A payday of nearly $150,000 could be coming for three Anchorage strippers after a judge's recent decision that the clubs in which they danced cheated the women out of back wages.

After legal wrangling that stretched over the better part of six years, last week's decision is a mixed bag for the women -- Shanna Thornton, Jennifer Prater and Heather Kidd -- who said they stripped to the tune of more than $324,000 for which they hadn't been paid.

It wasn't tips from customers that was in dispute: The women claimed the clubs, the Crazy Horse Saloon and Fantasies on 5th Avenue, did not pay them for the hours they worked, charged them illegal fees and forced them to give cash they took in as tips to other employees, like DJs and "house moms."

"This isn't about how much money I make in tips," Prater told the Daily News in 2006. "This is about wage and hour laws. Just because of what we do, does not mean employers don't have to follow the law."

The clubs' owners, Jeanette Johnson at Crazy Horse and Kathleen and Carol Hartman at Fantasies, said they'd done nothing wrong and refused offers to reach a settlement, a lawyer for the strippers said. After nearly a half-dozen years of battling in state and federal court, the case came to a head in January with a four-day trial before U.S. District Court Judge Timothy Burgess.

Burgess' decision June 14 does not end the fight -- the defendants can still file motions for the judge to reconsider -- but it says the women should be paid for overtime and other hours they proved they had worked. The judge said the women were not due the fees and tips they said they were badgered into paying.

Among the reasons the strippers are owed money, Burgess wrote in his decision that the clubs' payment systems were set up to "shift the risk of poor business to, and impose the expenses of running the business on, the individual dancers as if they were independent contractors as opposed to employees and evade the requirements of the (Federal Labor Standards Act) and the (Alaska Wage and Hour Act)."
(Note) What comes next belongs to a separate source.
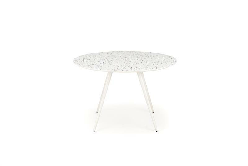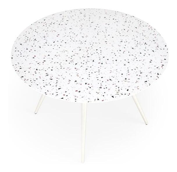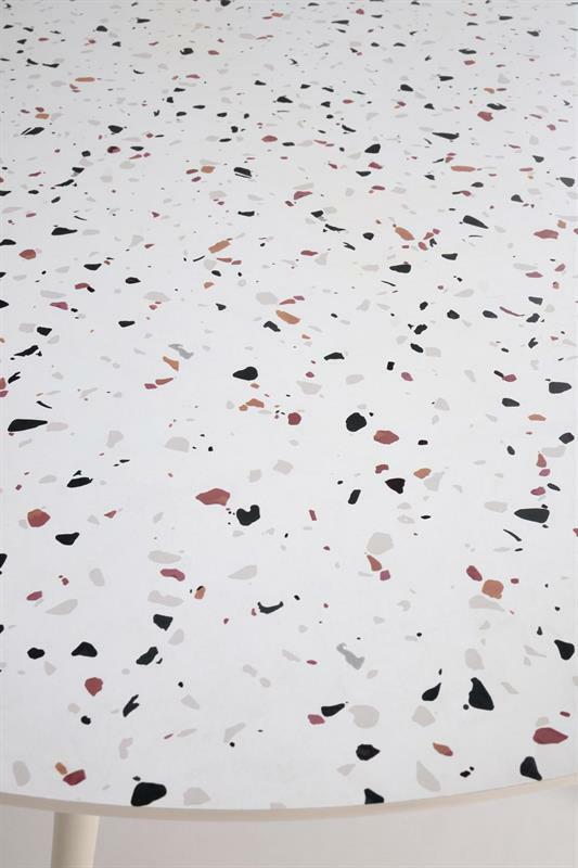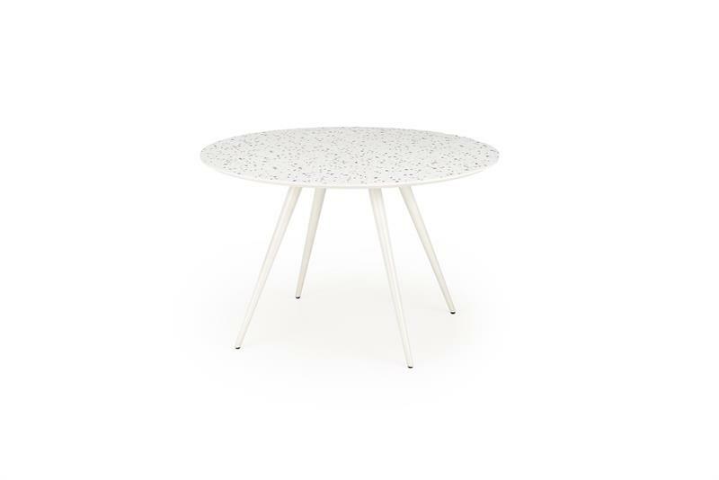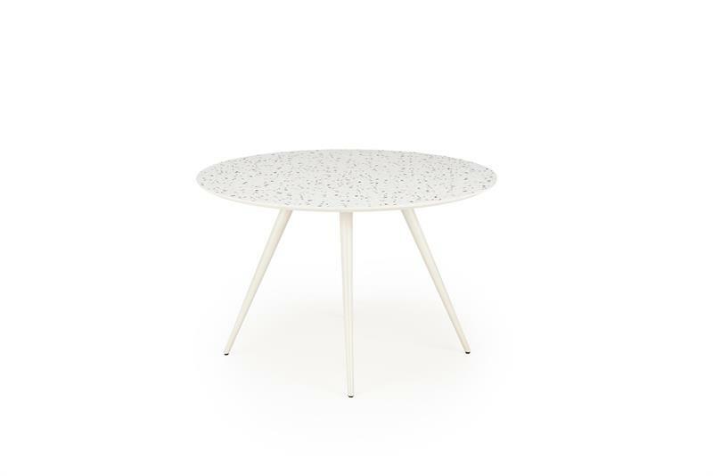 Koupě kulatého stolu Artemiso je skvělý způsob, jak vnést do vašeho interiéru moderní a stylový prvek. Celobílé barevné schéma dodává místnosti lehkost a svěžest a dodává místnosti moderní a elegantní charakter. Kovové, bílé nohy zajišťují stabilitu a odolnost, díky čemuž je stůl nejen estetický, ale také praktický. Stolová deska vyrobená z MDF v bílém teraci je spojením funkčnosti a estetiky, díky čemuž je stůl Aramis nejen stylový, ale také snadno se čistí. Jeho kulatý tvar podporuje volnou konverzaci a vytváří příjemnou atmosféru při rodinných setkáních nebo večírcích.

A 1987 Alaska Supreme Court ruling defined strippers as club employees, not as independent contractors who control their own hours. Employees, by contrast, must be paid minimum wage and their tips cannot replace minimum wage, according to the law.

The decision says Thornton should receive $12,419.50 from Crazy Horse and $27,708.70 from Fantasies, and Prater and Kidd $20,380.35 and $88,879.99, respectively, from Crazy Horse.

Efforts Wednesday to reach the women or their lawyer were unsuccessful.